What happens when you spend a ton of cash on buying back stock and go bankrupt? Well, you simply beg for more money from taxpayers.
There’s no better example than airlines. Here’s a chart showing the big 4 US airlines (Delta, United, American & Southwest) who are desperately pleading for a government bailout despite spending $43.7bn in cash on stock buybacks since 2012.
When I grow up I want to become a CEO
More layers in the corporate hierarchy makes it considerably more difficult to reach the top. If anything, nearly every single person who walks into a corporate job will never make it to CEO or the board. The chances of becoming a Fortune 500 CEO is estimated to be well over 1 in 100,000. You’re more likely to be struck by lightning or 10 times more likely to win an Oscar. Like any great pyramid scheme, the promise of riches and seeing a few successful people fills the corporate employee with hope they too will ascend the ranks and lounge in the upper echelons. While it is very possible to become a highly paid executive (at least close to the top) – the focus really should be on getting paid now.
The system has (& will likely never will be) “fair”. A glance across the executive salaries in large, underperforming companies is a clear signal it’s very possible to be rewarded for mediocrity.
Senior executives also have misaligned incentives. Bonuses and executive rewards are often linked to growth in earnings. In an underperforming company, one way to boost earnings is to buy up more companies (mergers & acquisitions). Another way to make earnings per share look really great? Stock buybacks! The best way to think of the impact of stock buybacks on earnings per share is to picture earnings as cake and shares as people. Let’s say you invite 100 people to your party & have 5 cakes, there’s not a lot of cake to go around. This time you invite 5 people and each person gets their own cake! Same quantum of earnings (cake) – just less shares (people). It’s not magic, it’s just math yet executive compensation thrives off this.

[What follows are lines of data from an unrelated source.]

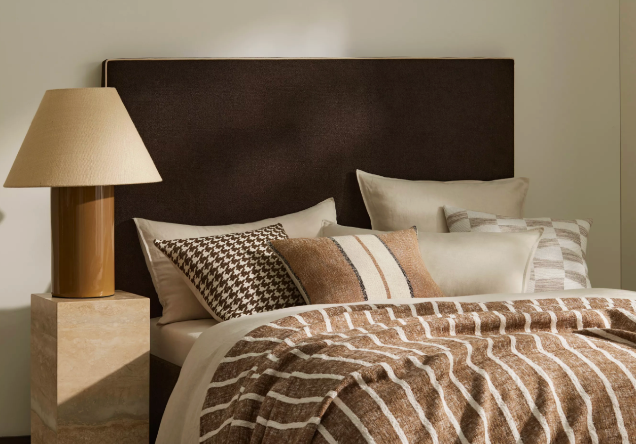 The Ottavio cushion in Cocoa combines a soft, spiced brown with beige and onyx chunky stripe for a warm or rustic style.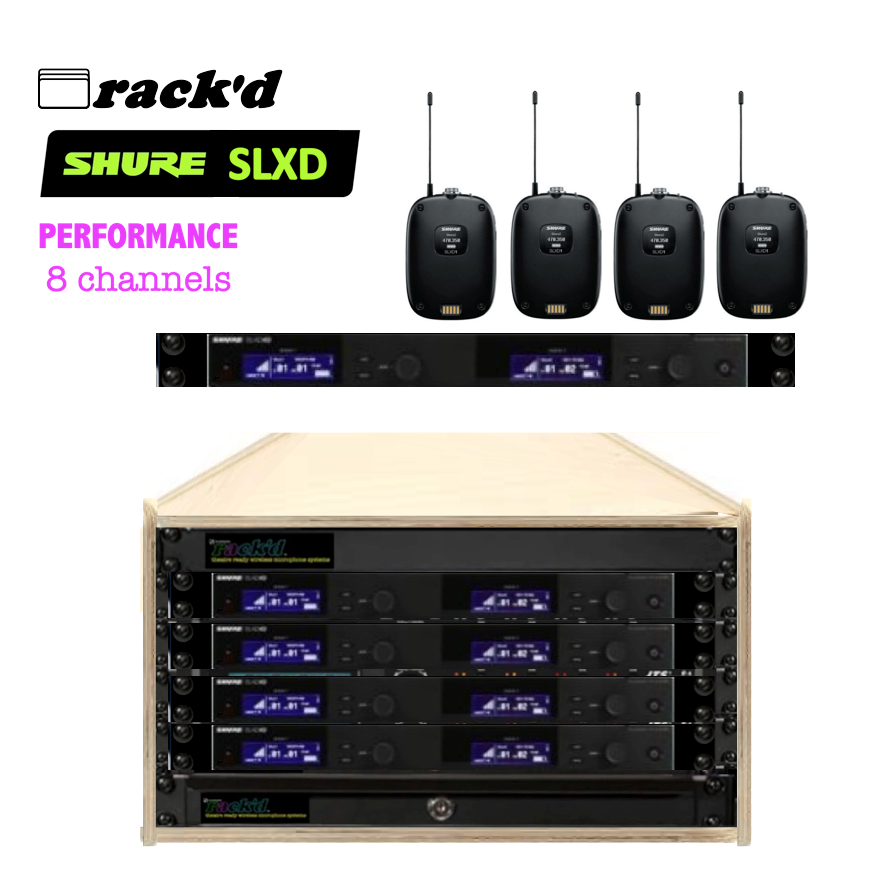 (C41) .8ch Rack'd Performance SLXD Shure 8 Channel Ready to Use Wireless System - just 2 antennas in an SKB Rack in a Case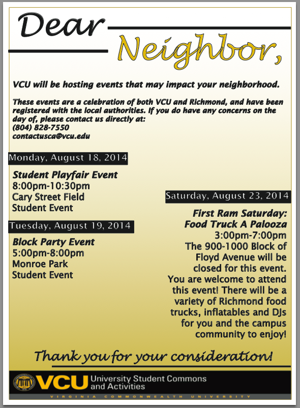 7. Tito Luna of VCU introduced residents to the office of Institutional Equity and Community Engagement. They are looking to do a survey on VCU’s impact on the surrounding community. Dr. Peyton McCoy, the RNA’s VCU liaison, will be reaching out to residents with more information.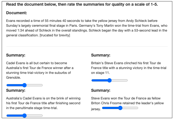 虽然使用像 ROUGE 这样的自动度量标准在模型开发过程中作为度量标准有用,但是该标准提供的信息有限,比如无法获悉文本摘要的流畅性或者与人类性能相比较结果如何。为此,本文还进行了一次人工评估,要求评分者将文本的模型摘要结果与人工摘要进行比较(不知道哪个是哪个)。这与图灵测试有一些相似之处。
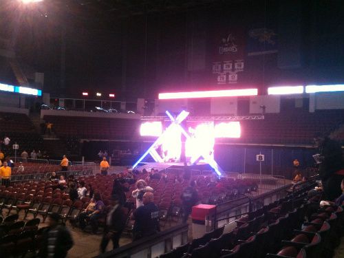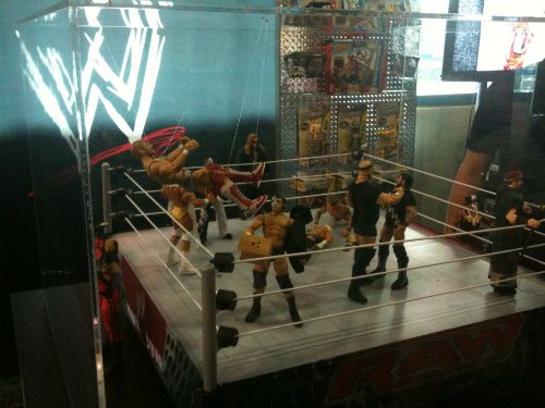 LAST NIGHT THE WWE WAS BACK IN BAKERSFIELD AS PART OF THEIR SMACKDOWN WORLD TOUR. NOW I'M MORE OF A RAW GUY MYSELF BUT IT WAS STILL COOL TO GO TO A SHOW. AND IT WAS QUITE THE SHOW. IT WASN'T A TV SHOW BUT THE SMALL SET UP THEY HAD WAS IMPRESSIVE AND REMINDED ME OF THE OLD DAYS WHERE THEY DIDN'T HAVE HAVE THE BIG TITANTRON (SCREEN) OR ALL THE BIG SETS. ALL THEY HAD WAS A CURTAIN AND THE LOGO ABOVE IT. ALSO THEY HAD SMALL SET UP OF THE ACTION FIGURES IN LOBBY. TO SEE THAT AND THE WAY IT WAS SET UP REALLY BROUGH ME BACK TO MY CHILDHOOD. THOSE WERE MY FAVORITE TOYS GROWING UP. I'D SIT THERE AND PLAY WITH THEM FOR HOURS. AND I ALWAYS WANTED A SET UP LIKE THIS AS I GOT OLDER. BUT I WAS REAL CREATIVE WITH MINE AND ALWAYS BUT ON A SHOW WHEN I PLAYED WITH THEM. I HAD RINGS ON RINGS, CAGES, TABLES, ETC. AND I WENT ALL OUT WITH COLORING WASHABLE RED MARK ON THEM FOR BLOOD. TO REALLY HITTING THE CHAIRS ON THEIR HEADS. MANY BROKE BUT THERE WAS NOTHING MOM'S GLUE GUN COULDN'T FIX HAHA. AWESOME TIMES!! LAST NIGHT'S SHOW FEATURED MY FAVORITE RANDY ORTON (LIKED HIM SINCE HE STARTED), THE BIG SHOW, SHEAMUS, DANIEL BRYAN, ALBERTO DEL RIO, CODY RHODES, WADE BARRETT, ALICIA FOX, AND OTHERS. THE SUPERSTARS MADE THE SHOW AWESOME BY DOING THE WHOLE TALKING AND THEN WRESTLING AND MAKING IT A SHOW. AND A CAGE MATCH AT THE END!! HELL YEAH!!! AND ANOTHER THING THAT WAS COOL AFTER THE LAST MATCH RANDY ORTON WENT AROUND THE WHOLE RING SHAKING THE FANS HANDS AND SIGING SOME AUTOGRAPHS. ALWAYS COOL TO SEE THE WRESTLERS INTERACT WITH FANS!!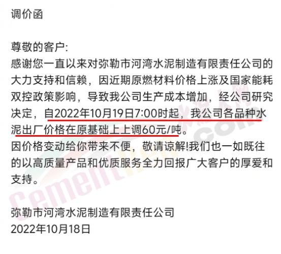 彌勒市河灣水泥制造有限責(zé)任公司發(fā)調(diào)價函稱,因近期原燃材料價格上漲及國家能耗雙控政策影響,導(dǎo)致公司生產(chǎn)成本增加,經(jīng)公司研究決定,自2022年10月19日7∶00時起,我公司各品種水泥出廠價格在原基礎(chǔ)上上調(diào)60元/噸。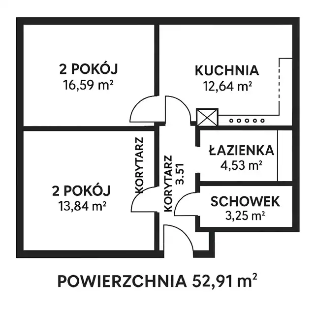 - Charakterystyka mieszkania 54.55 m2, 2 pokoje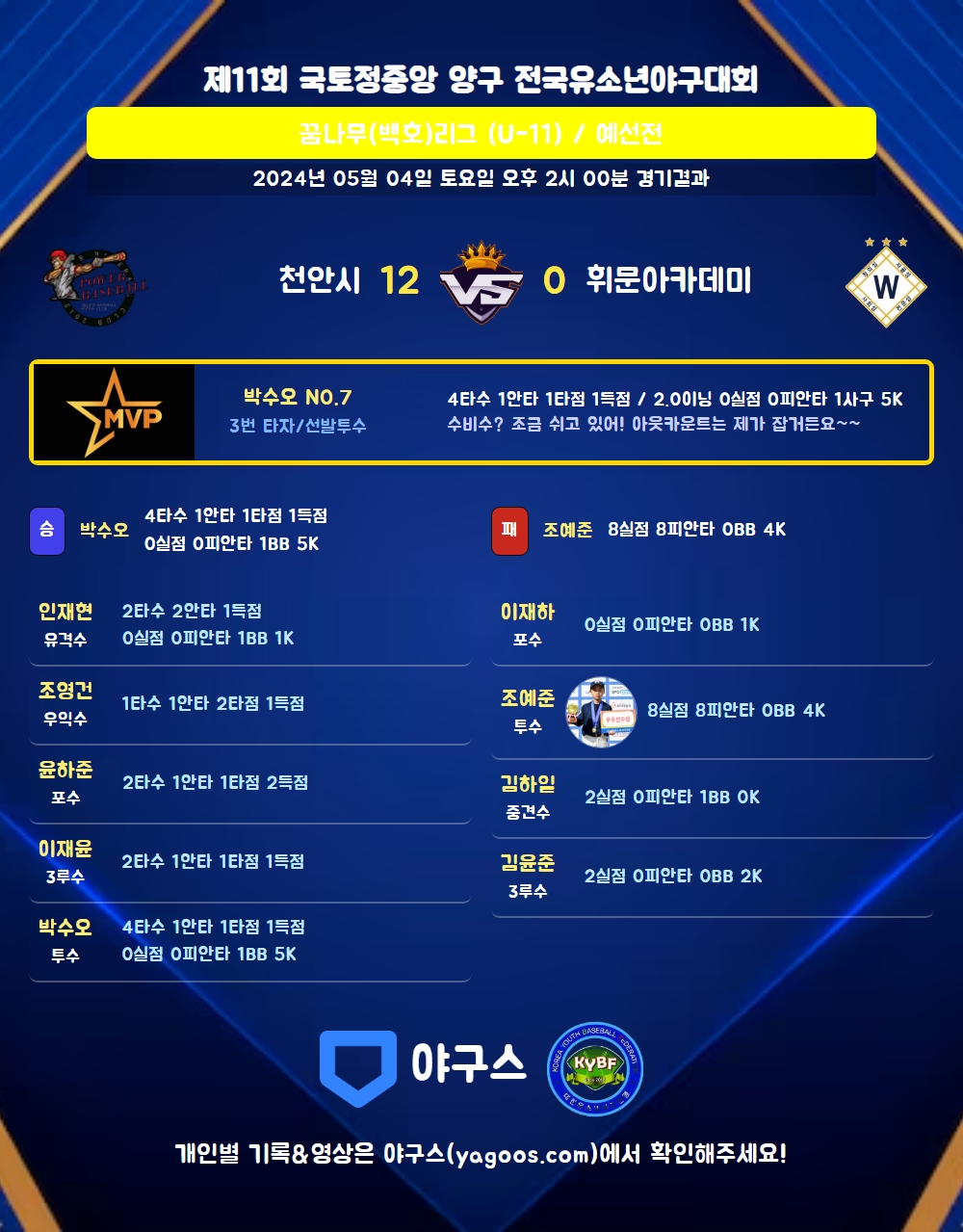 | 1 | 박수오(7) | 승 | - | 7 | 0 | 0 | 0 | 1 | 5 | 31 | 0 | 0 | 0.00 |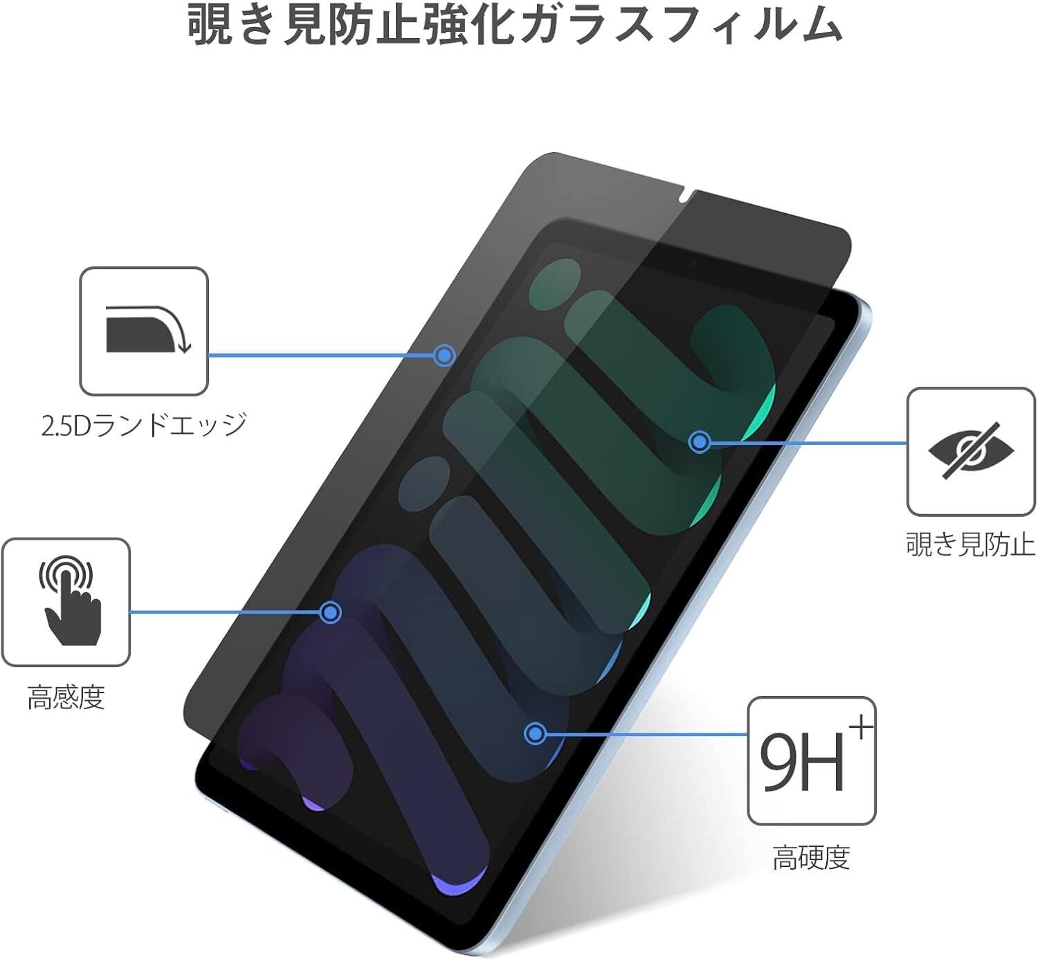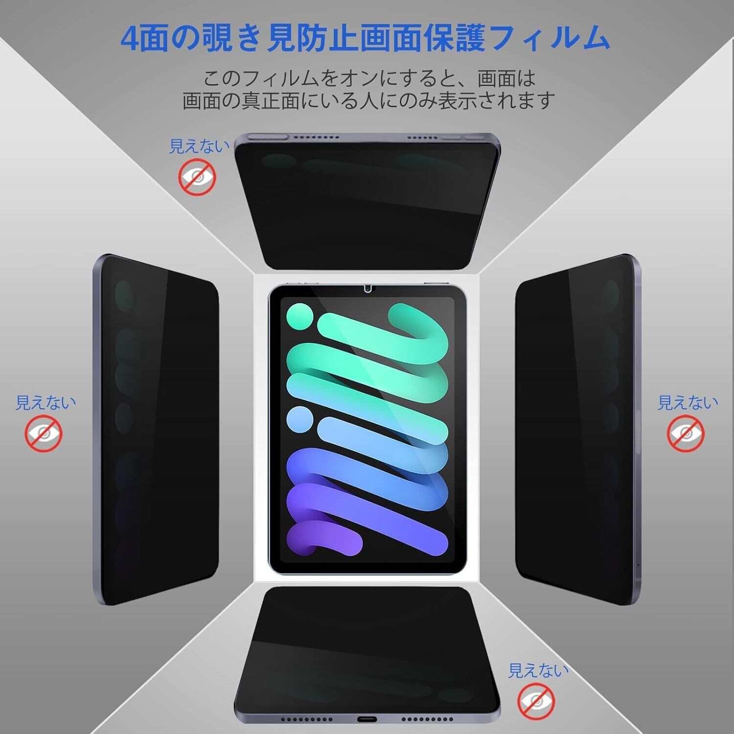 ProCase iPad Mini A17 Pro 第7世代 2024 Mini 6 フィルム 360°覗き見防止 画面保護 強化ガラス 高透過率 耐指紋 自然吸着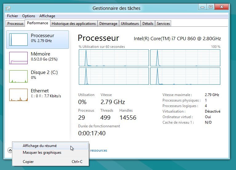 L’onglet Performance est celui qui a le plus évolué depuis la Developer Preview. Les modifications sont essentiellement visuelles et cosmétiques. Mais voilà un véritable tableau de bord de l’état du PC mis à la disposition de tous !
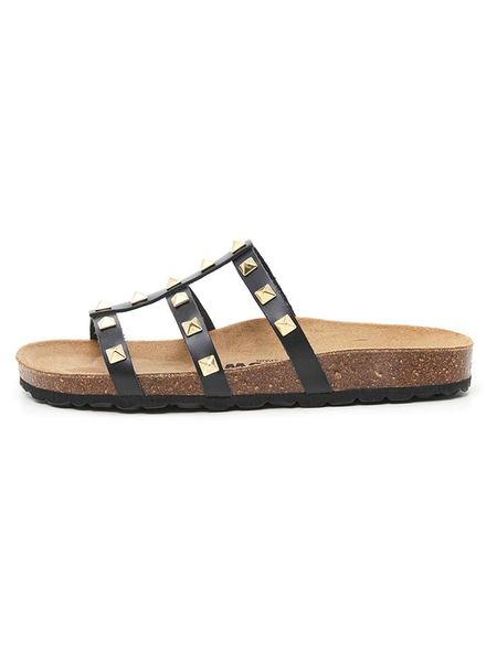 – zapięcie: bez- noski: otwarte- detale: ozdobne nity- skórzana wkładka: ergonomicznie formowana- podeszwa: antypoślizgowa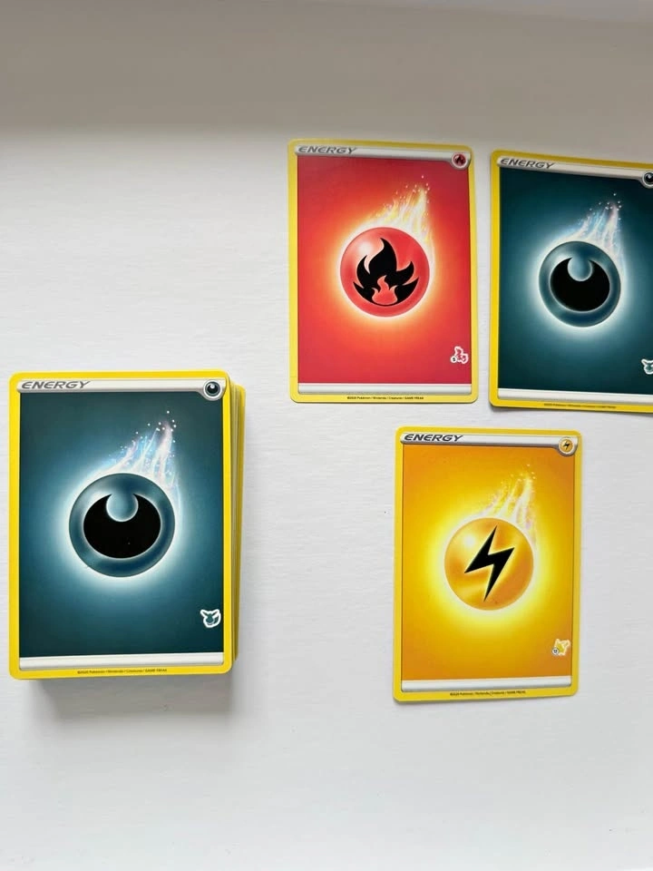 Clean bundle of Pokemon TCG energy cards. Has fire, lightning, and a stack of dark energy cards. All cards are from 2020. Great for players or collectors.
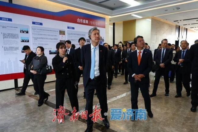 正值2025中国(山东)—韩国友好周暨鲁韩经贸交流会在济南召开之际,11月19日,韩国驻华大使卢载宪率代表团一行赴济南国际医学中心参观交流。此次访问旨在实地考察中韩医疗健康领域合作成果,共同探讨中韩医学合作创新发展路径。济南市政协主席雷杰,市人大常委会副主任、槐荫区委书记、医学中心党工委书记孙常建,省委外办副主任李红等陪同参观。来自希杰集团、现代汽车、SK集团、大韩航空、三星电子等韩国著名企业代表等共计80余人参加活动。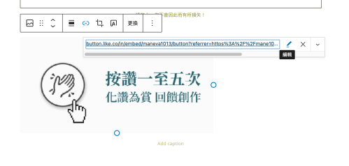 => 點選下圖 ”編輯“ 處,即可以確認貼入的超連結語法是否正確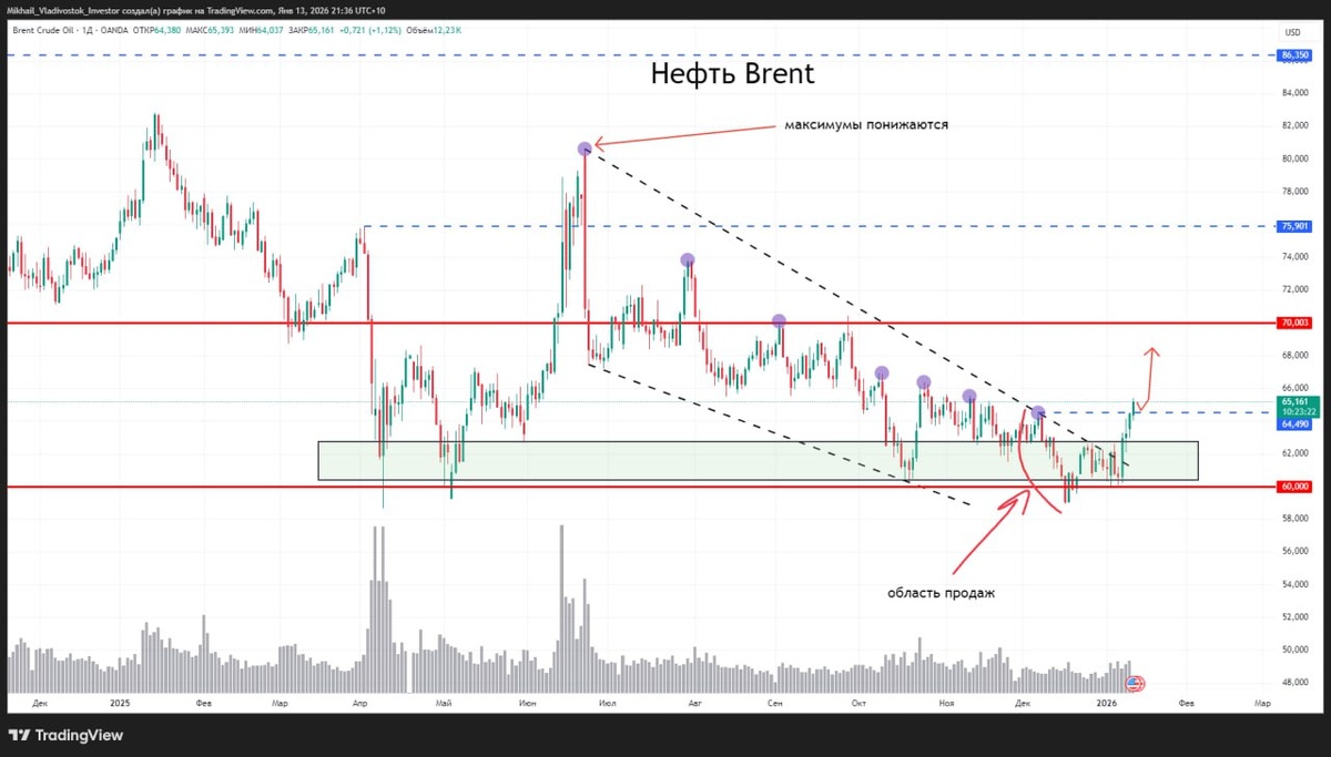 🥳 🛢 Нефть марки Brent превысила 65 долларов впервые за 2 месяца, — данные торгов Главный драйвер цен — опасения рынка, что США нанесут удар по Ирану на фоне проходящих там протестов. Brent $BRF6 Таймфрейм дневной Если смотреть по графику, то я выделяю тот факт, что пробили 64,49 - предыдущий максимум. А так же вышли из области продаж. Если закрепляемся, то можем спокойно пойти выше. Обратная фундаментальная сторона медали - это Венесуэла и давление США на котировки. 🧐 #нефть #brent

Here are a few common arguments defending high executive pay.
“They get paid for the risk they take on”
“It’s performance related”
“Nobody else can do the job”
“They work hard…”
While it is true being a senior executive comes with a great deal of responsibility, accountability for bad decisions is often absent. Large guaranteed pay packages ensure large pay even if a company does poorly. Executives in large corporate teams are seldom held to account for terrible deals, lack of growth and complacency. During restructures, base level employees are faced with retrenchments, reduced pay and fewer benefits. The pain isn’t shared equally. If things get really, really bad – companies simply ask the government to help out. While it is also true there’s a general leadership crisis, with the juggernaut of large corporates needing approvals at multiple levels, having a fully staffed board and needing shareholder approval for really big decisions it’s difficult to imagine anyone is indispensable – yet there is a very present culture of professional board sitters. These are people who make a living doing little more than sitting on a number of boards.
Corporates love subservient people who never question their worth or push for a higher salary – people without a game plan drifting through life who settle with a slow-growing figure and spend their years crafting their lifestyles around it to try & painfully make it work. The more people you can convince to climb onto the scheme, the more layers you introduce and the more their efforts accrue to you disproportionately. It’s most acceptable pyramid structure in modern history.
One strategy to end up financially better off involves cutting out your daily coffee, recycling the bath water for tea or generating electricity using the spark from your non-existent relationships. This is an incredibly miserable way to live & won’t fix being underpaid.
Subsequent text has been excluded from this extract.